Interestingly, the forum software also runs on DigitalOcean but sometimes stops working as well, rejecting even SSH connections. It might be an issue with DO

But the fact that restarting the container fixes it would suggest that it’s not an issue with DO.

Are you able to make a request from that machine itself to Caddy using curl -v when it goes down?

Try turning on the debug global option, and watch the logs when making requests when it “goes down”. It might hopefully explain what’s going on. Add this at the top of your Caddyfile:

{
	debug
}

Maybe you could look Docker’s own logs to see if something started breaking there at some point.

Docker does often run a userland proxy, you could experiment with turning that off (via a docker daemon option).

mdathersajjad · January 17, 2022, 11:54am

I too faced this issue. Its running perfectly fine for few days then stops all of a sudden and i get a barrage of emails saying the site is down. I tried monitoring the logs all that happens is request hits, size of response is 0 and status is 0. I just kill and restart the process everything works smoothly. Tried increasing the socket open limit to more than 2 lakhs still same result.

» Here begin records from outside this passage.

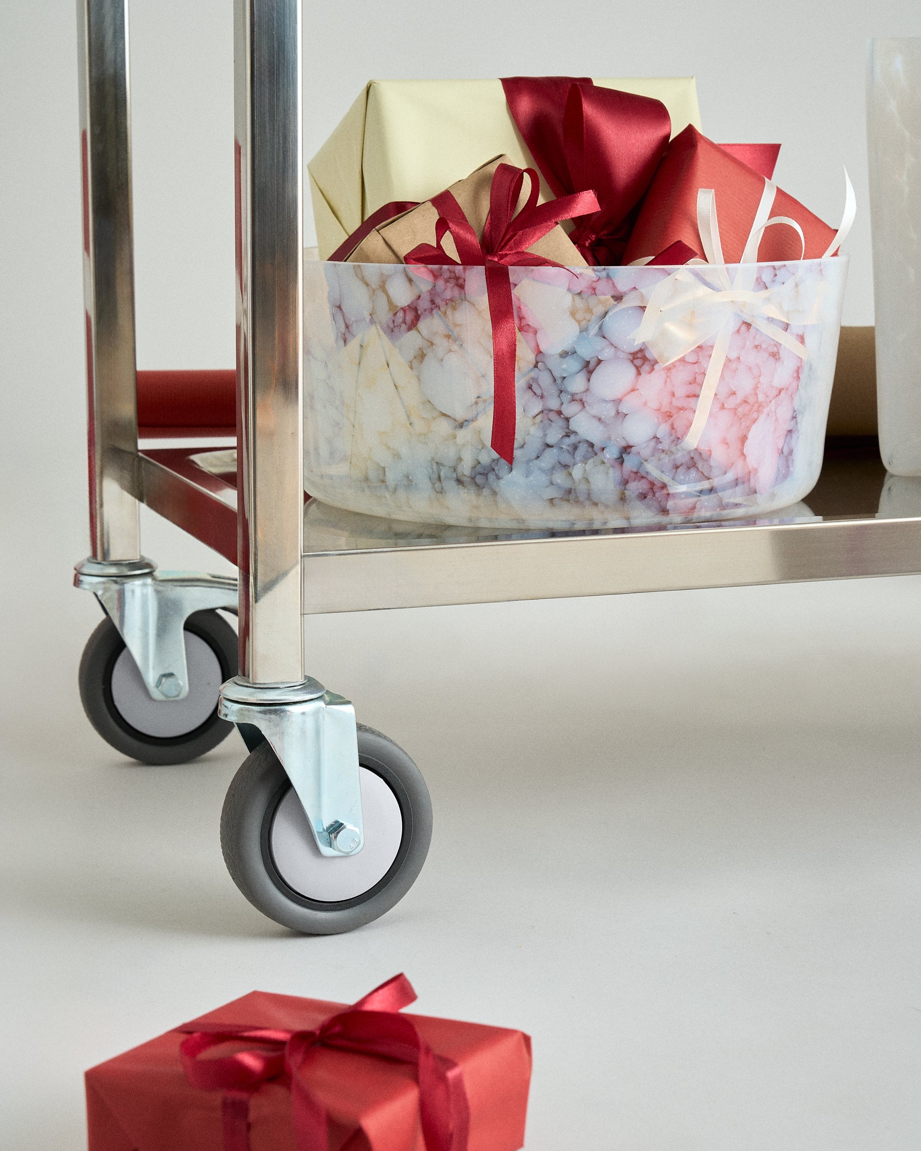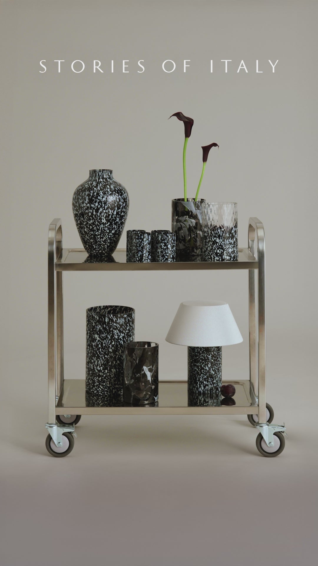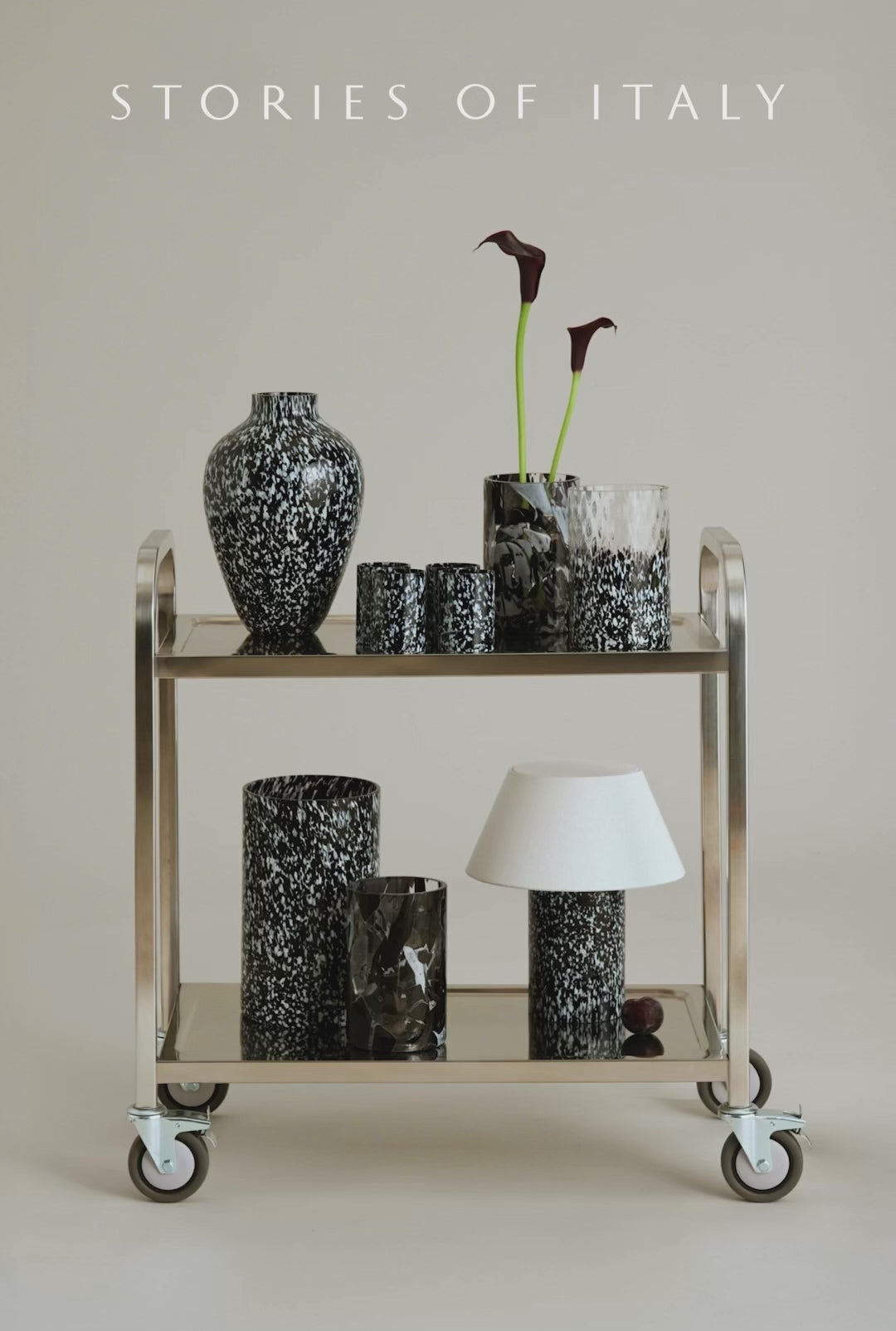 Macchia su Macchia® represents the essence of innovation and artistry, reimagining Venetian glassmaking for the modern world. Its glossy surface and speckled patterns, born from the fusion of vibrant glass granules, elevate contemporary Italian design to new heights. With a variety of shapes, from vases to trays and candles, its bold patterns and minimalist forms inspire a chic lifestyle, reflecting the spirit of Stories of Italy.
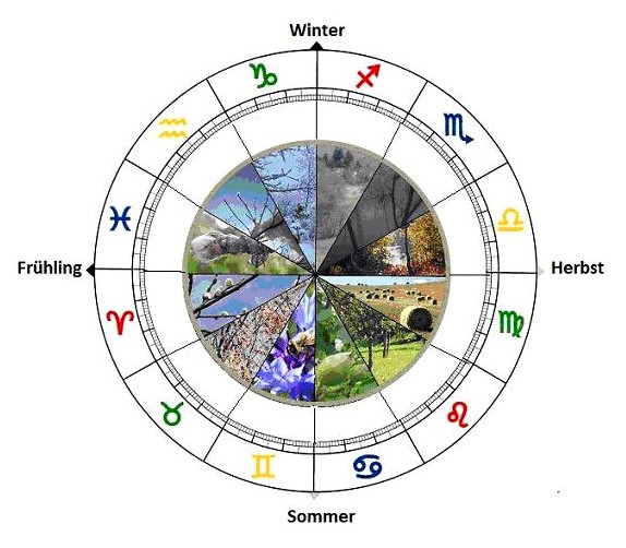 Diese Anordnung des Jahreskreises orientiert sich an der astrologisch üblichen Häusereinteilung. Hervorgehoben sind die vier Wendepunkte im Sonnenverlauf, der Beginn der Kardinalzeichen an den Tag- und Nachtgleichen im Frühling und Herbst und die Sonnenwenden bei 0° Krebs bzw. 0° Steinbock. Die Zeitabschnitte, die sich im Jahreskreis gegenüberliegen stellen polare Gegensätze dar.
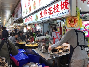 昨日は士林夜市の地下の食堂で、アワビやサツマイモの茎のニンニク炒め(サービス)、ビーフン、焼き飯など10種類以上の料理をハフハフ言いながら食べました。案内してくれたシーさんがいい人で、これまた最高でした。また来たいですね。
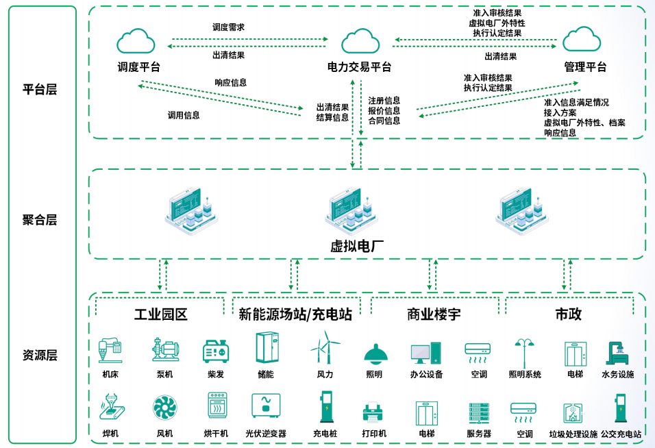 公司是泰州“首家”完成虛擬電廠注冊的企業(yè),虛擬電廠作為一種智慧能源管理系統(tǒng),被稱為能源產(chǎn)業(yè)鏈的“最后一公里“,其核心是將分布式的發(fā)電設(shè)備、儲能系統(tǒng)、電動汽車、可調(diào)節(jié)負(fù)荷等資源聚合起來,通過智能算法和通信技術(shù)統(tǒng)一調(diào)度,使其能夠像傳統(tǒng)發(fā)電廠一樣參與電力市場交易或響應(yīng)電網(wǎng)需求,從宏觀層面上,實現(xiàn)能源的高效利用和電網(wǎng)穩(wěn)定運(yùn)行。

kristofferf · January 17, 2022, 2:33pm

Thanks for replying! I will test curl next time the server goes down. It’s hard to debug when it happens so infrequently.

I will add debug to Caddyfile, to check if it says anything. And also check the docker log. I have checked docker log for each container, but it doesn’t show any errors. I will check out te userland proxy for docker too.

kristofferf · January 17, 2022, 2:34pm

Strange, it seems to be a similar problem as mine. Follow along, and I’ll add a reply if I find something that works.

matt · January 17, 2022, 5:04pm

What does “down” mean? No route to host? Connection handshake doesn’t complete? Timeout? Connection refused? Request is read but no response received?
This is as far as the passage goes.